::: RAW DATA :::

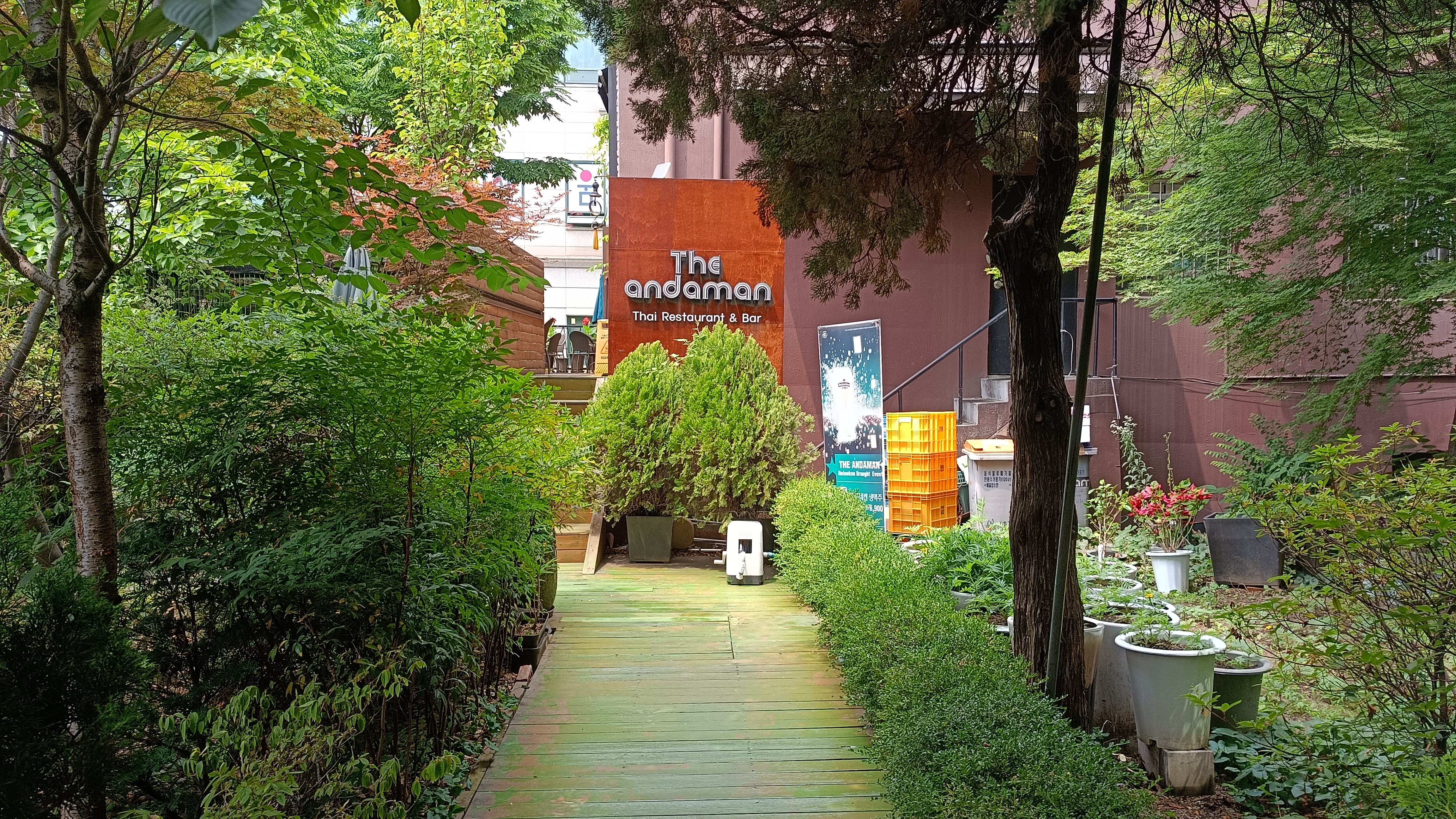 주차장 반대편 대로면에서 정문이 있는거 같았다. 인테리어도 태국을 연상케 한다.
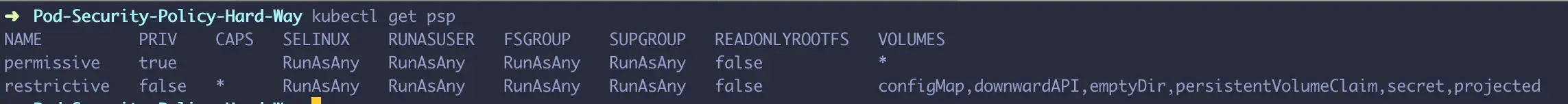 sudo kubectl get psp
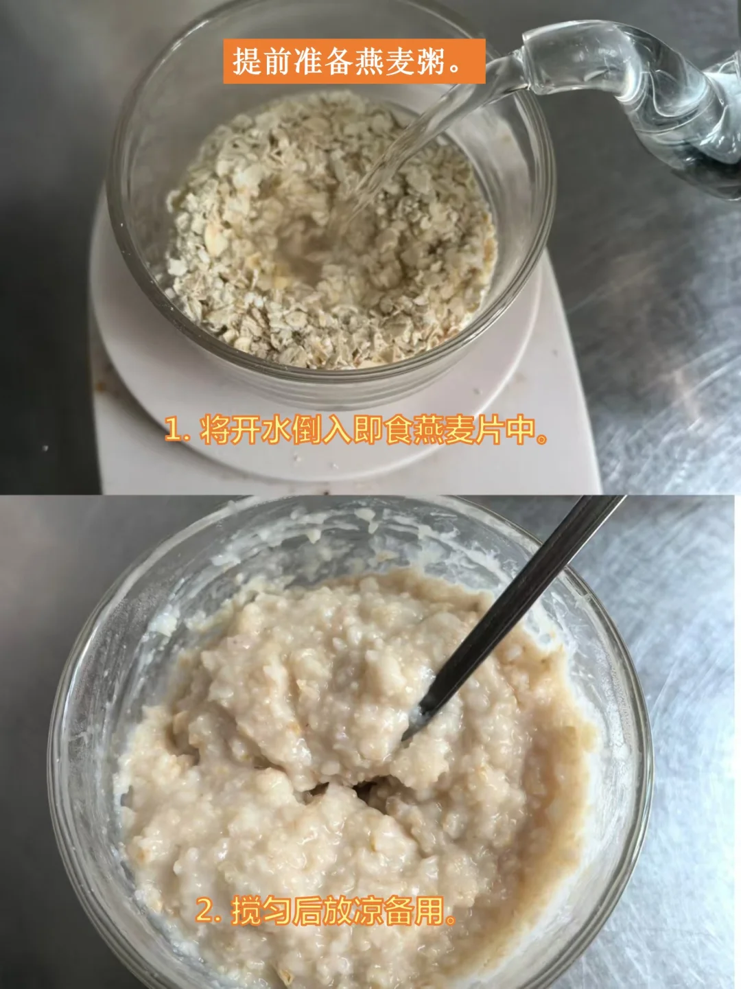[一R]燕麦粥的作用类似于烫种,能有助于发酵,延缓面包软化。需要提前准备,用开水泡软燕麦,放凉后才能用。
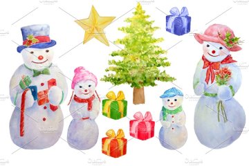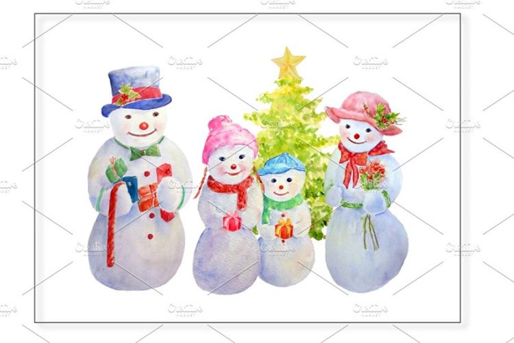图穷联素材库 » 圣诞节水彩雪人插画 Watercolor Snowman F

:::

EXERCISE DETAILS:
Give back the data exactly, with no images.

ANSWER FOR THE TASK:
 주차장 반대편 대로면에서 정문이 있는거 같았다. 인테리어도 태국을 연상케 한다.
 sudo kubectl get psp
[一R]燕麦粥的作用类似于烫种,能有助于发酵,延缓面包软化。需要提前准备,用开水泡软燕麦,放凉后才能用。
图穷联素材库 » 圣诞节水彩雪人插画 Watercolor Snowman F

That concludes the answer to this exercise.